To take advantage of the model's ability to improve if given the right kind of feedback, the evaluator is a layer of the process that has the ability to spot issues and generate a repair cycle.

The evaluator can "fail" the report completion process and generate a report_revision task to tighten citations, grounding, or writing without reopening the whole workflow.

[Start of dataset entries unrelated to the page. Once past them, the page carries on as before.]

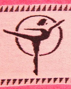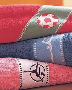 [色・デザイン] お色はラズベリー。画像一番下のタオルです。ポーズを取ったダンサー柄が入っています。画像では見えにくいのですが、ジャガード織り込みで大きなバレリーナが描かれています。
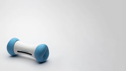 En el apartado tecnológico no hay peros: este dispositivo cubierto de plástico blanco y rematado en los extremos por dos gomas reemplazables responde a las promesas de su fabricante, la empresa de origen chino Cheerble. Para ponerlo en marcha, basta cargar su batería, instalar la app en el teléfono y establecer la conexión. Al momento se muestra el menú de movimientos disponibles. En el modo interactivo, el hueso se mueve solo por el tiempo establecido —entre cinco y 45 minutos—: tienta al can rodando tímidamente y se sacude con más intensidad cuando detecta que hay interacción. La modalidad de conducción permite al usuario controlar a placer el catálogo de movimientos del Wickedbone, que incluye desplazamientos hacia atrás o adelante, distintos saltos y giros suaves o más veloces.
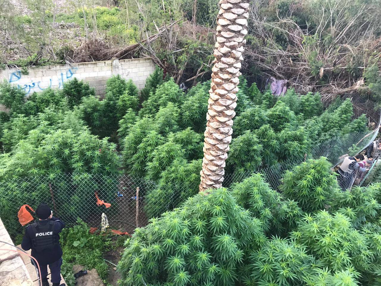 ادارة مكافحة المخدرات وشرطة غرب البلقاء يضبطان ١ طن من اشتال الماريجوانا المخدرة بعد مداهمة موقعين استخدما لزراعتها
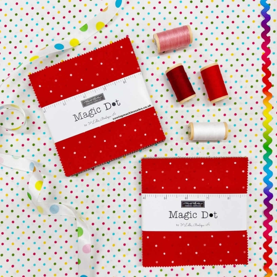 This charm pack features the entire collection of Magic Dots, a multi coloured range of polka dot patterned fabrics. There are 42 5 inch squares, each with a different coloured polka dot design from this collection. Some designs maybe duplicated to create the pack of 42.
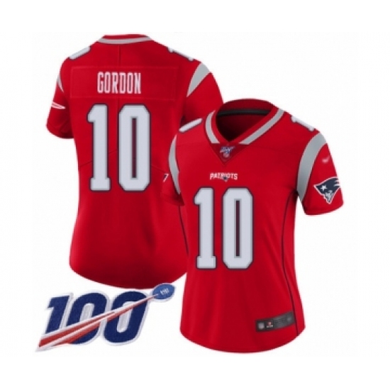 >Women's New England Patriots #10 Josh Gordon Limited Red Inverted Legend 100th Season Football Jersey
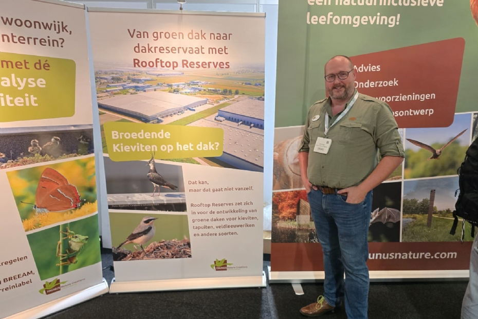 Jarno Beijk van Faunus Nature Creations, bij een nieuw concept. De rooftop reserves. Natuur reservaten voor op het dak, voor bijvoorbeeld kieviten, leeuweriken en tapuiten. De reservaten zijn in Zwitserland al met succes gepilot. Samen met SAM Groofing word er naar de ondergrond gekeken. Binnenkort in Stad + Groen te lezen!
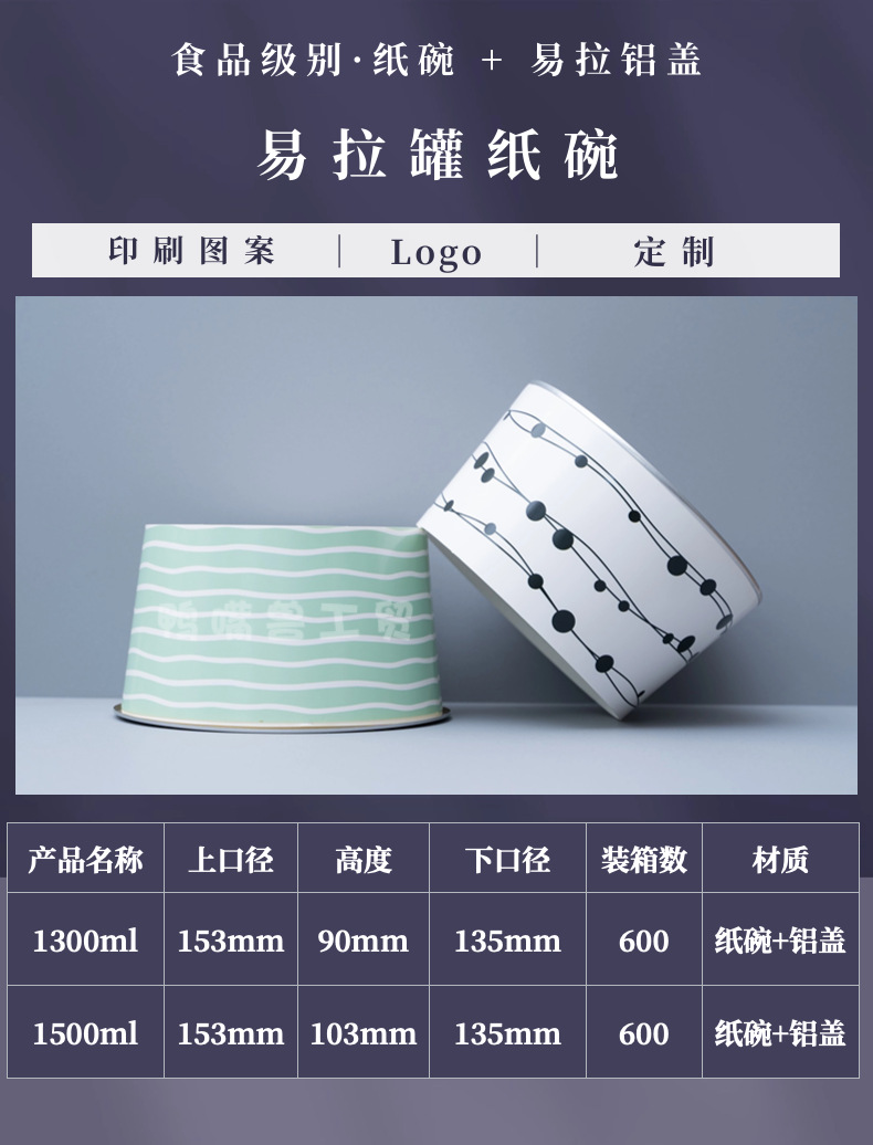 1300ml 1500ml lata de embalaje para llevar caja de papel tazón de 153mm calibre aluminio resistente a altas temperaturas impermeable a prueba de agua y aceite

Here's an example from an agent run where the evaluator determined the report citations need to be fixed:

{
  "task_id": "task_005",
  "kind": "report_revision",
  "role": "report_writer",
  "title": "Revise the report",
  "description": "Tighten the report using evaluator feedback without reopening retrieval or analysis.",
  "instructions": "Revise the report to resolve report validation issues using the existing evidence base.\n\nIssues:\n- Sources section is missing canonical [Report N] entries.\n- Sources Referenced is missing body-cited report ids: 6, 7, 53, 65, 83\n\nRequested follow-ups:\n- Address advisory report-validation warnings where possible.\n- Keep canonical [Report N] citations consistent between body and sources.",
}

Right now, the evaluator mainly checks for report citation accuracy but I'll be expanding this loop to include things like:

Question coverage — does the report actually answer what was asked?
Evidence grounding — are claims anchored in a body of evidence, or is the report stretching a single example into a broad generalization?
Narrative quality — is it coherent and synthesized, not just a listing of database entries?
Actionability — are recommendations concrete enough to guide real, useful follow-up?
Residual risk — would you trust the report as-is or what is it missing?

Closing thoughts

The clearest lesson I learned from this process was that to build a useful agent workflow to automate a research process, it really was about building a focused workflow with structure, constraints, and a clear trail of evidence.

With the right kind of tools and context, it could move through a research process in a way that was reviewable and easier to trust and easier to improve. It really makes me wonder in what ways knowledge bases for organizations will be put to use in the future.